# Finding myself in Recife



## Vivaed

Hello everyone,

I'm Ian (eye-AN) I was born in Recife in 1983 and was adopted by two Americans from Minnesota, I have never been back and I am planning to move there in the fall of this year. I have dual citizenship and will be traveling/living under my Brazilian passport. I will be in my spare time searching for any information about my birth parents that I may find.

I have a strong work background in IT and web. I am hoping to get a remote job from the US so that I can make US wages while in Recife (since I am also an American citizen)

My family is very concerned for my safety and well being while I am there, I have hear that if one is smart about there dealing and follows the suggestions about how to act and display money, electronics and any valuables, I should be fine.

I am interested in hearing peoples perspectives about the city, the food, lifestyle, recreation and the people.
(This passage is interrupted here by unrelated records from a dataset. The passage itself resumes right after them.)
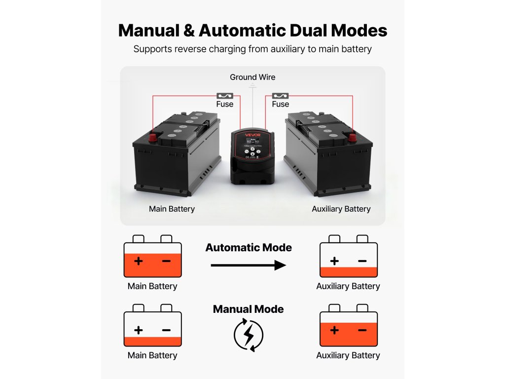 Kifogyott az áram az indítóakkumulátorból? Ne aggódjon! VSR leválasztónk kézi üzemmódba kapcsolható, és egy teljesen feltöltött másodlagos akkumulátort használ a fordított töltéshez. Lehetővé teszi, hogy indítókábel nélkül indítsa be a motort, és pillanatok alatt újra az úton lehessen!
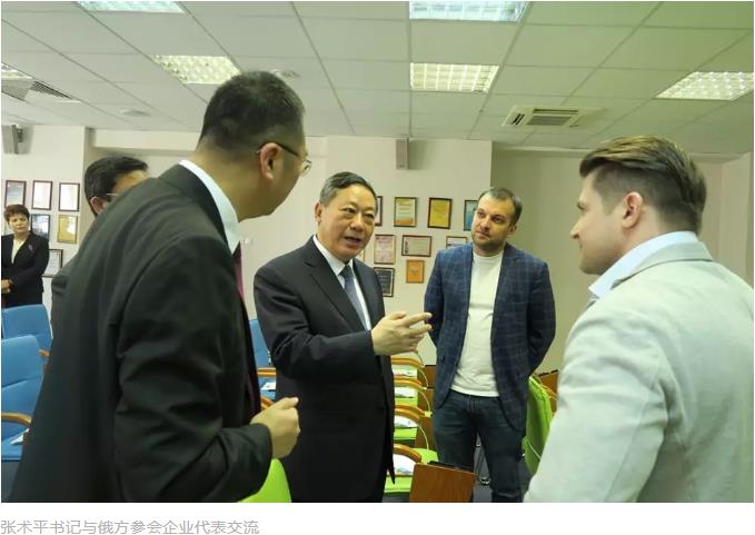 在俄罗斯期间,代表团在莫斯科政府科技园举行“创新合作交流会”,莫斯科政府科技园主任捷普洛夫、俄罗斯自然科学院彼得琴科院士、莫斯科市企业家和创新发展厅库兹涅佐夫处长以及欧亚经济联盟、俄罗斯YANDEX公司、GEOS核电代理公司等40余名代表参会,张术平书记与莫斯科政府科技园捷普洛夫主任共同为“烟台市创新合作交流工作站”揭牌。会上,山东华谱检测技术有限公司与山东云融通电子商务有限公司分别与俄罗斯企业签署环保科技、电子商务等领域合作协议。张术平书记会见了前来参会的顿河畔罗斯托夫市副市长卡茹霍娃,双方回顾了两市结好以来在高校、文体等领域交流成果,讨论了未来在经贸、教育等方向的合作发展规划。
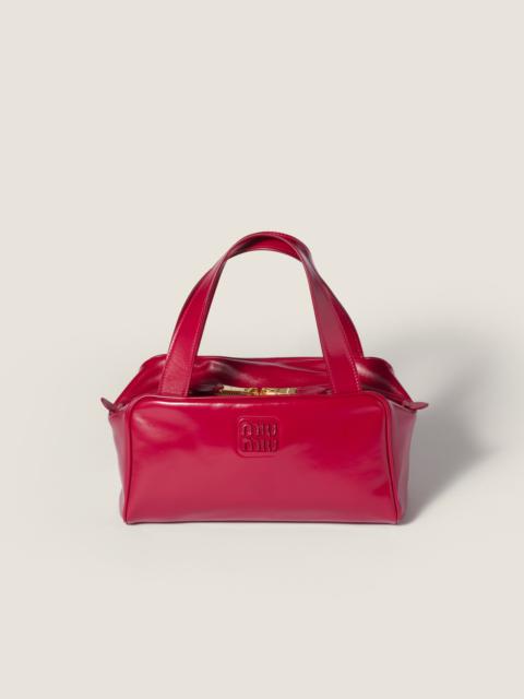 Compact and versatile, this new interpretation of the top-handle bag stands out for its flat handles, the elegant logo on the front and the subtle sheen of soft calf leather, reflecting Miu Miu's sophisticated experimentation. - Product code: 5BB182_2IEO_F0041_V_MOO - Leather handles - Gold-tone hardware - Zipper closure - Cotton satin interior with double zipper pocket - Leather lettering logo on the front - Imported Height 15cm Width 28cm Length 13cm Materials Main material: Calfskin
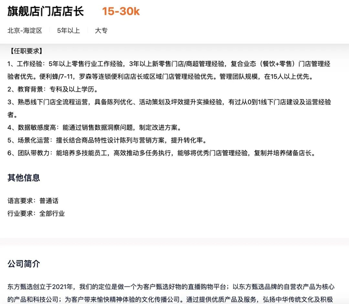 12月3日,据北京商报报道,东方甄选全国百家门店计划正迈出第一步——其正以1.5万至3万元薪资招聘北京首家旗舰店的店长,优先考虑具备“餐饮+零售”复合业态管理经验的人才。
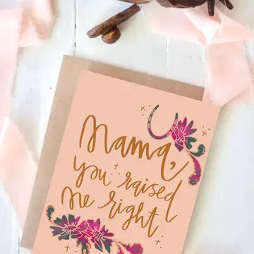 A heartfelt nod to mama with a western twist. This card features the sweet message "Mama, you raised me right" in flowing script, accented with bold pink florals and a cowboy rope detail. It’s the perfect blend of gratitude and grit—great for Mother’s Day, birthdays, or just to remind her she did a dang good job.
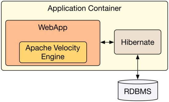 The web application is founded on a three-tier architecture whose data layer includes a relational DB, which, in turn, uses an Hibernate engine for ensuring data persistence. The web app requires an application container to be deployed on, and its implementation has been based on the MVC pattern. In order to clearly separate the implementation of the view and the model, the web app implementation makes use of the Java-based template engine Apache Velocity. It should be underlined that to ensure the highest degree of flexibility, the model-to-text transformations used for generating the application code and the related scripts do not hard-code any reference to a specific database or container. An appropriate configuration allows for the actual specification of the needed technology.
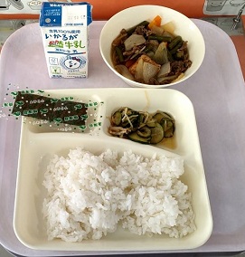 牛肉と野菜のいため煮 きゅうりともやしのおひたし
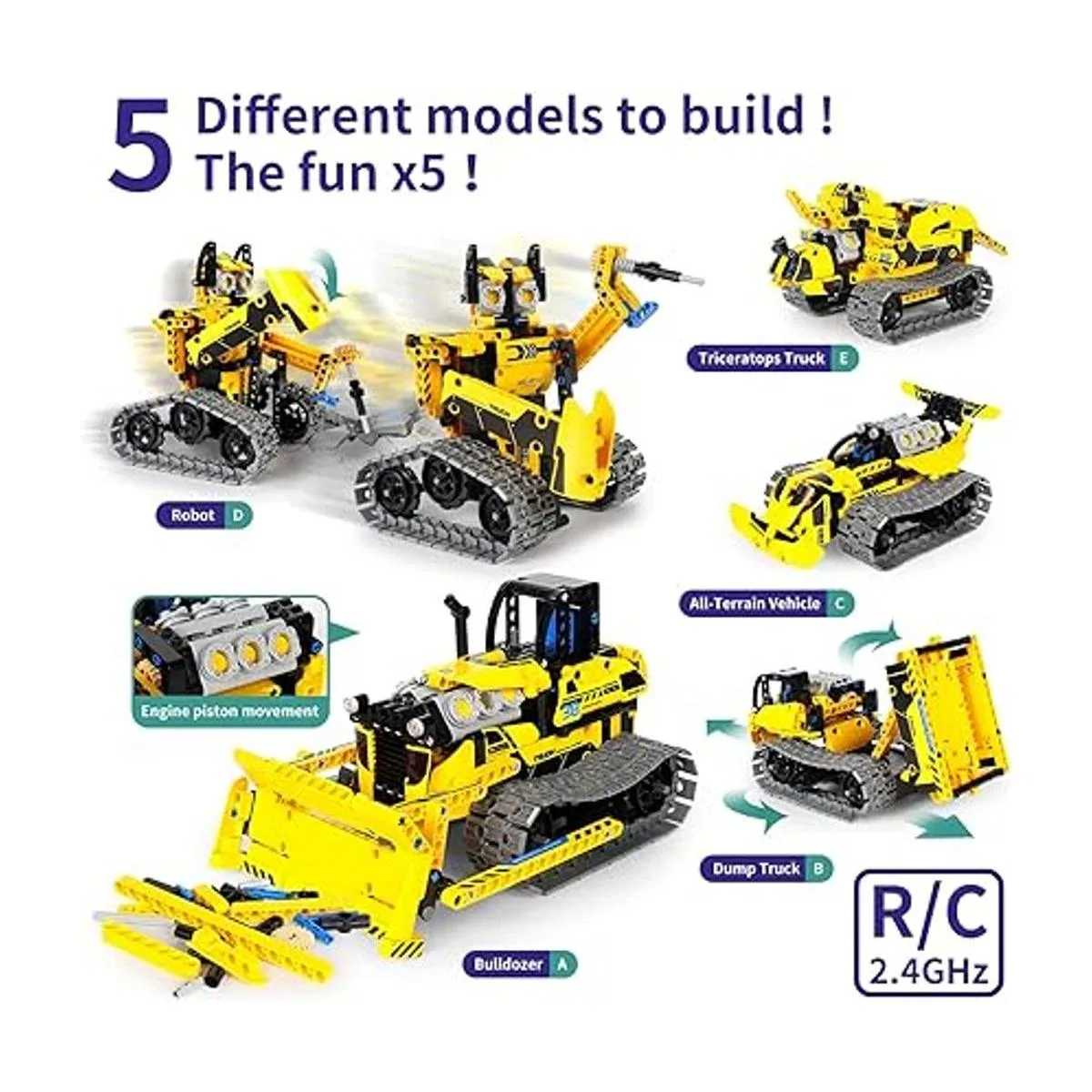 Fácil de usar Bulldozer, robot volquete, camión Triceratops, vehículo todo terreno, juguetes de construcción incluidos con 452 piezas, construye tu propio kit RC uno por uno La diversión x5
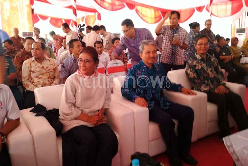 jatimnow.com - Menteri Kelautan dan Perikanan Republik Indonesia Susi Pudjiastuti luncurkan kapal bambu laminasi karya Institut Teknologi Sepuluh Nopember (ITS) Surabaya, Senin (2/7/2018).
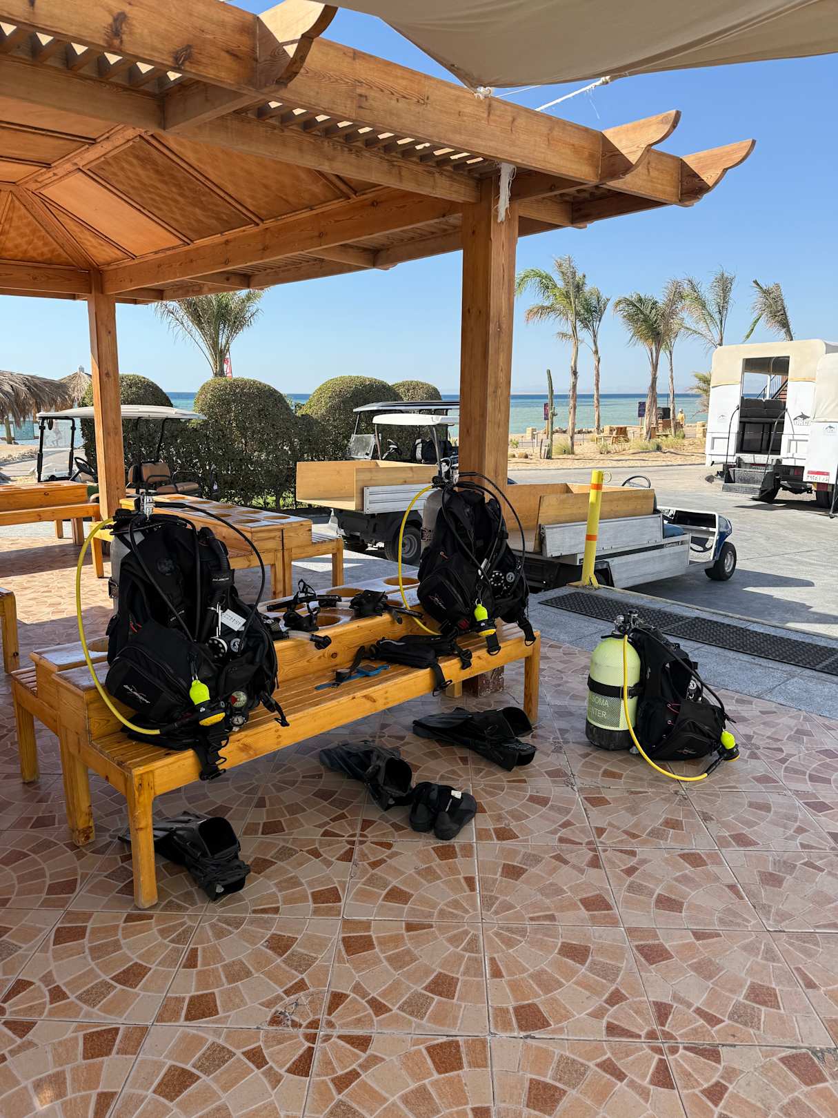 Fertigmachen zum Tauchgang um 8 Uhr - wir waren die Einzigen :-)

I want to fully immerse myself in the culture and learn my roots.

Thank you in advance for any information you can provide!


----------



## AnthonyRMC

WOW, will you be in for a culture shock Ian. 
I came here at 28, (I'm 54 now,) and adapted well. (I'm naturalized.) So I am sure that you will adapt also.
A simple question. Do you speak Portuguese? That would surely help.
Recife is a large city on the coast, as you probably know. Crime there is high.
A friend (Brazilian,) from here in the interior of São Paulo, was their recently, and told at the hotel, to not wander to far from the hotel at night.
It is the same in all the larger cities. 

Looking at it from a distance, it reminds me of Miami.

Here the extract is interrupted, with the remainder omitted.